К семи часам сумерки окрасили мансарду в ржаво-красные, серые и черные тона, и лишь от маленькой лампы на пианино исходил желтый, как букет нарциссов, свет. Выглянув в окно, я с высоты четвертого этажа увидела, как управляющий книжным магазином прощается с продавцом. Они пожелали друг другу спокойной ночи, и управляющий под руку с какой-то крошечной изящной дамой отправился домой. Выглядела эта пара на редкость старомодно – особенно в окружении неоновых огней Десятой улицы, тускло светившихся в вечернем тумане. Я закрыла окно с пуленепробиваемыми стеклами, покрытыми капельками мелкого дождя, и задернула шторы. Весь день Ошима, Уналак и я тащили Холли сквозь дебри хорологических представлений и рассказывали ей о причинах нашей вражды с Анахоретами, попутно поедая оладьи, испеченные Инес. Выходить наружу было пока рискованно, и это был бы совершенно неоправданный риск после того, что случилось сегодня утром; мы решили вообще не появляться в доме 119А до пятницы, на которую была назначена наша встреча с Д’Арноком. Аркадий с помощью поля Глубинного Течения, точно плащом укрывшего 119А, вполне способен был обеспечить безопасность нашего постоянного убежища. В вечерних новостях главной темой стало «убийство на Пятой авеню группы преступников, выдававших себя за полицейских»; репортеры дружно высказали предположение, что убитые были грабителями банков, между которыми произошла некая фатальная ссора. В социальных сетях к этому событию отнеслись равнодушнее; там гораздо больше внимания было уделено вчерашней стрельбе с множеством жертв в техасском Бек-Крик, очередному обострению борьбы Японии и Китая за острова Сенкаку-Дяоюйдао, а также пятому разводу Джастина Бибера. Анахореты, конечно, должны были сразу догадаться, что Бржички убили психозотерики, но как это могло повлиять на их планы относительно нашей Второй Миссии, я понятия не имела. И наш «перебежчик» Элайджа Д’Арнок со мной на связь больше не выходил.

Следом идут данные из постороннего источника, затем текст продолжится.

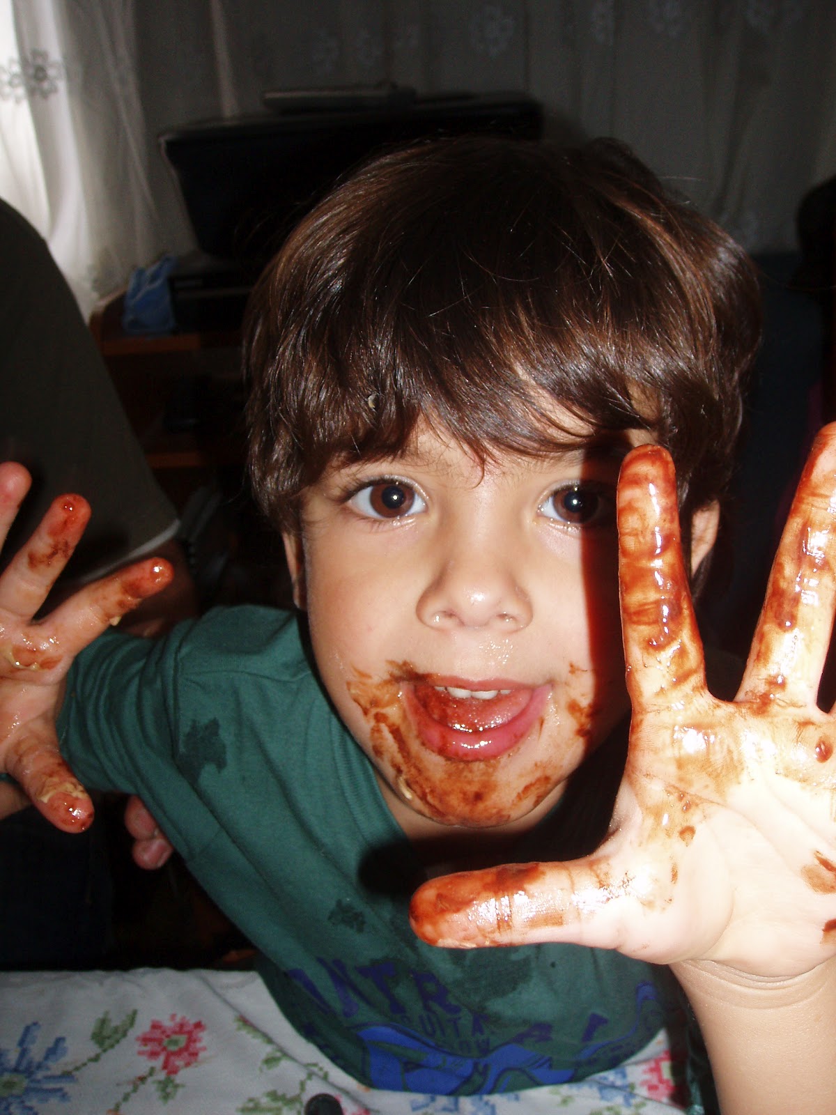 Ayer fue su cumpleaños, 3 añitos, lo celebramos el domingo en casa de la Bis-Abuela, se lo paso bien, dejo la camisa toda sucia, ayyyy!!!!como va creciendo, a ver que novedades me da este año...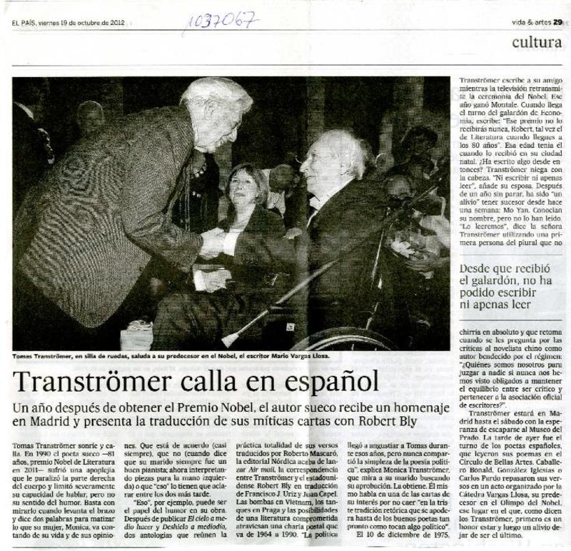 Entrevistas - Tranströmer, Tomas - Autores suecos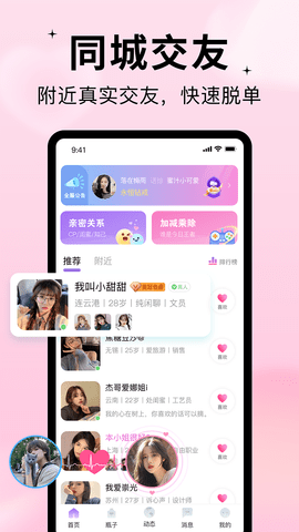 除了漂流瓶功能外,这款应用还是一款同城交友聊天软件。它为同城附近的陌生单身男女量身定制了聊天交友社交平台。你可以与陌生人聊天交友,寻找合适的对象,或者结识有趣的灵魂。这里提供全天在线聊天的功能,让你可以随时分享生活的点滴,聆听对方的语音。你可以开始一场甜蜜的随缘之旅,也许你会在这里脱单,遇见属于自己的爱情机会。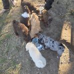 Aussiedoodle puppies include apricot, blue merle, red merle, and black phantom. Colors will vary depending on the parent dogs.
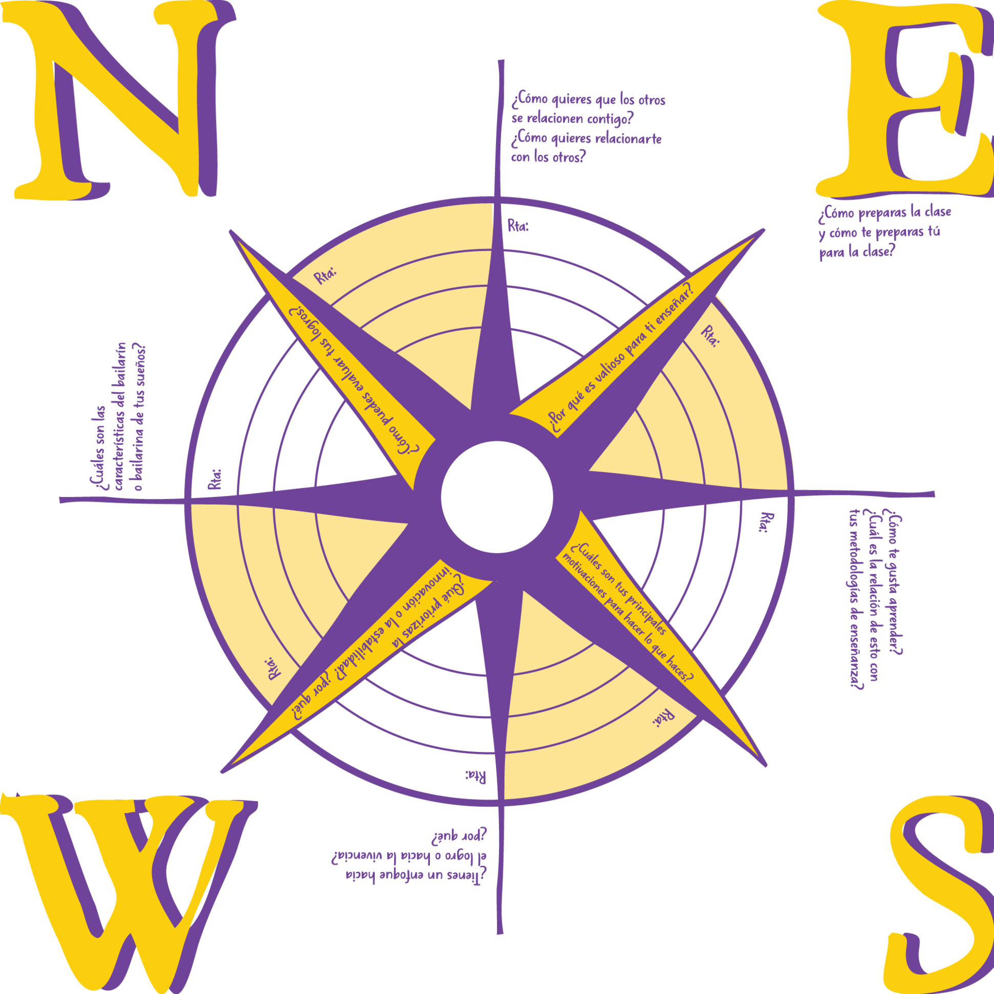 Finalmente, se realizó la tercera actividad gráfica en donde cada quien, siguiendo la metáfora de la brújula que marca el camino de los barcos en alta mar, dibujó su propia Rosa de los Vientos para su trabajo docente de inclusión. Por ello, cada quien plasmó todo aquello que es esencial en su concepción de la danza y que guía su práctica pedagógica accesible. Esto permitió llevar el foco a los principios de la práctica más que a las formas o pasos. De esta manera, es posible diseñar metodologías que sean accesibles para todos y todas. En las rosas de los y las participantes se evidenció que es fundamental la perseverancia, la creatividad, la experimentación y la valentía. Estos valores permiten insistir en la inclusión como práctica que no concerniente solamente a las personas en condición de discapacidad, sino que es una herramienta de transformación social en colectivo, que logra re-significar el cuerpo territorial e individual como semilla de creación.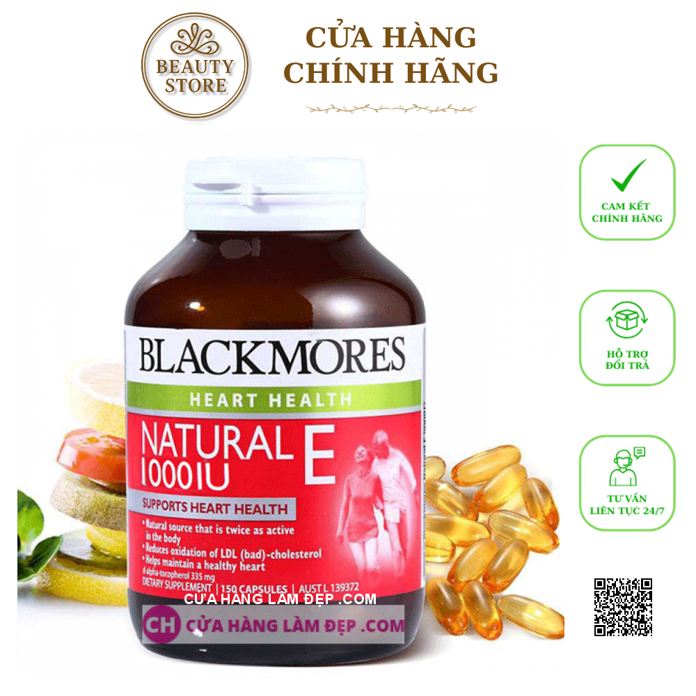 - Viên uống blackmores heart health natural e 1000iu bổ sung hàm lượng vitamin E cần thiết mỗi ngày cho cơ thể.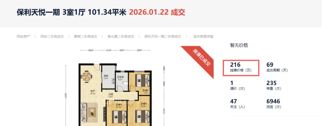 同样处于高新区的保利天悦一期,一套建面约101.34平的三室,1月22日以216万元成交。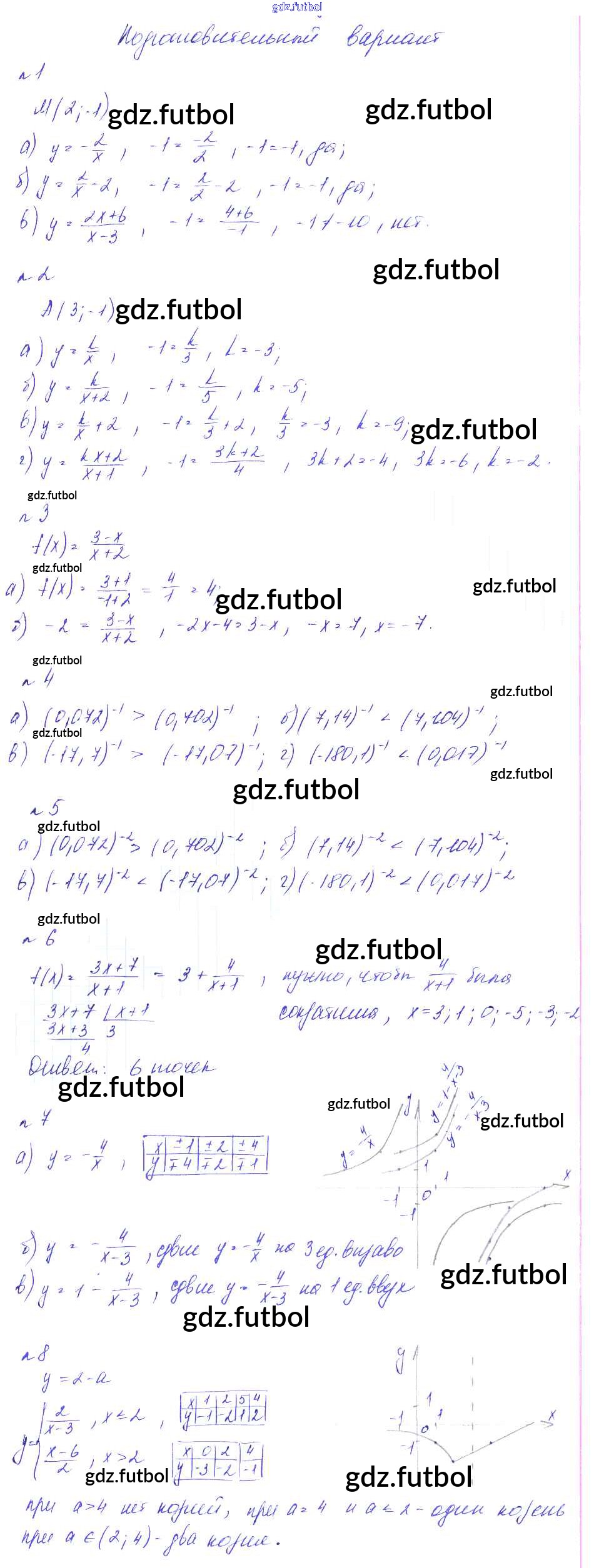 Готовые домашние задания по Алгебре за 8 класс Феоктистов Дидактические материалы 2013 ФГОС - СР-24. Функции y = x в минус первой и минус второй степени подготовительный вариант

Я услышала, как Уналак и Холли поднимаются ко мне по скрипучим ступеням лестницы, и вскоре они обе действительно появились в дверях.
– У вас тут кушетка, как в кабинете психиатра, – сказала Холли.
– Сейчас доктор Маринус еще разок вас осмотрит, – сказала я. – Вы готовы?
Холли скинула с ног шлепанцы и легла на спину.
– Во мне за полсотни лет наверняка скопилось немало отложенных воспоминаний, не так ли?
Я закатала рукава своей блузки.
– Да, некая конечная бесконечность.
– В таком случае, откуда вы знаете, где именно искать Эстер Литтл?
– В Покипси водитель такси передал мне нужный ключ, – сказала я.
Уналак подложила под голову Холли подушку и попросила:
– А теперь расслабьтесь, пожалуйста.
– Маринус, – вдруг встрепенулась Холли, – а вы, значит, сможете увидеть абсолютно все, что я делала в жизни?
– Да, именно так и осуществляется полное сканирование. Но вы должны помнить, что я врач-психиатр и занимаюсь этим с седьмого века, а потому на свете осталось не так уж много вещей, которых я про людей не знаю.
Холли занервничала; она явно не знала, куда деть руки. Потом вдруг спросила:
– А я останусь в сознании?
– Если хотите, я могу на время сканирования погрузить вас в состояние хиатуса.
– Хм… Нет, не нужно… Хотя, пожалуй, да. Ну, я не знаю! Решайте вы.
– Вот и прекрасно. Расскажите мне о вашем сельском доме неподалеку от Бантри.
– Ну… хорошо. Дунен-коттедж принадлежал моей двоюродной бабушке Айлиш. Он находится на полуострове Шипсхед, который похож на корявый, скалистый палец, вытянутый в сторону Атлантики. Прямо в конце нашего сада – довольно крутая тропинка, ведущая к пирсу, и…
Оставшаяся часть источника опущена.